Home Forums Programming XML if you're using typed xml in sql server 2008, does the xml you store need to have every node that's in the XSD? RE: if you're using typed xml in sql server 2008, does the xml you store need to have every node that's in the XSD?

  • In other words, as long as the xml document conforms to the XSD, you can have as many or as few nodes as necessary.

    That is the crucial thing, as long as the xml document complies with the schema. You need to bear in mind that if the schema has nodes that are defined as mandatory, via the attribute minOccurs (or omitting it entirely which defaults it to 1) then you will need to ensure that those nodes exist in the XML (and for the number times as the schema defines if minOccurs > 1). Additionally through the attribute maxOccurs you may not exceed the number of repetitions of that node defined which again defaults to 1.

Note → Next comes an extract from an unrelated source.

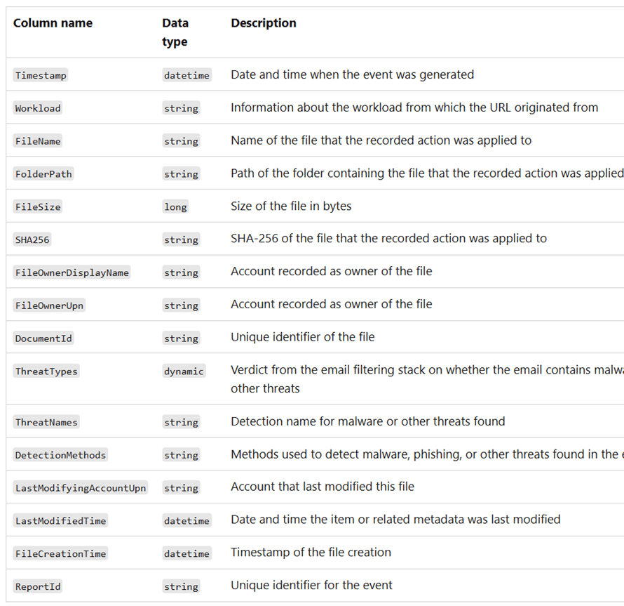 Plus d’informations : FileMaliciousContentInfo table in the advanced hunting schema

    So yes you can have as many or as few nodes but the number of those nodes is controlled by the schema itself. you cannot omit nodes unless the minOccurs attribute is set accordingly.

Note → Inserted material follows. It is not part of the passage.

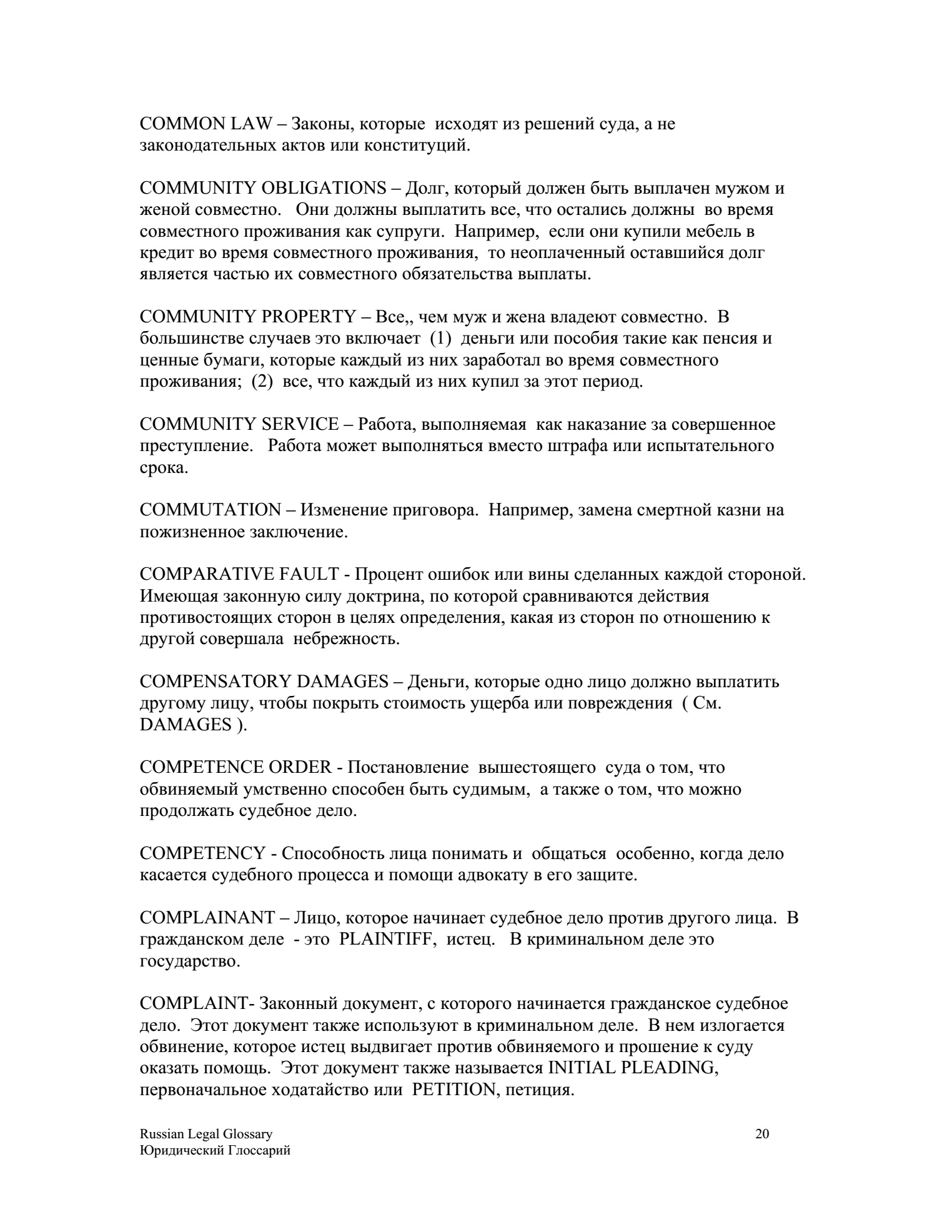English/Russian Legal Glossary Юридический Глоссарий

    XML is quite expensive to work with, especially if you need to query the contents of the XML on a regular basis. XML indexes in my opinion are very expensive with regard to storage due to the way they are constructed internally so they need to be carefully considered. have you considered a hybrid approach? If you are going to need to query any of the columns in that wide table on a regular basis I would recommend persisting them as columns still, whilst any other columns that are not going to be queried very often can be put into an XML instance.

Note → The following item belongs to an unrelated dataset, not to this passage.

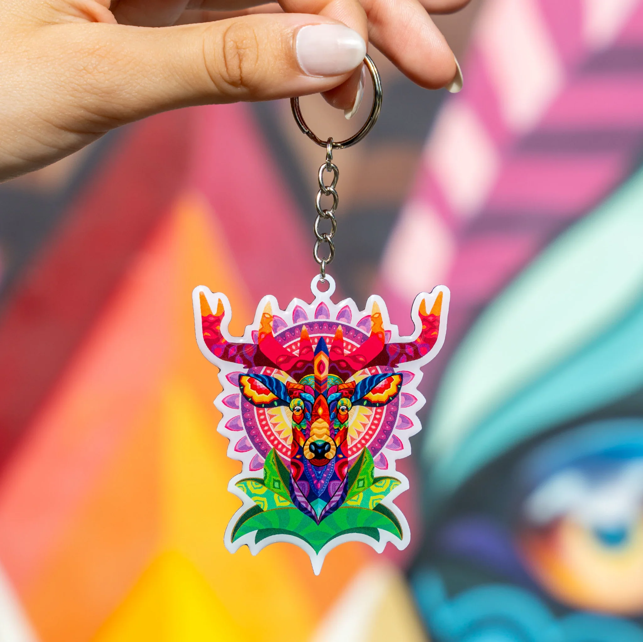 This keychain goes beyond the standard designs and embarks on a journey of artistic exploration with its vibrant CMYK printing. The keychain displays a fascinating spectrum of colors, enhanced by a glossy layer of epoxy. This artistic interpretation of Farid Rueda's Deer encapsulates the majesty and mystique of the animal, rendered in a modern, abstract style that's sure to catch the eye.

    I help look after TB's of XML where I work and I do like working with it, but it isn't cheap in SQL server. The XML type is great at storing structured data quite simply for middle-tier apps to consume where the SQL server does little more than a simple select statement on the whole XML blob. If you intend the SQL server to query the contents of the XML or shred it entirely on a regular basis then you will incur high performance costs compared to having a nice set of tables.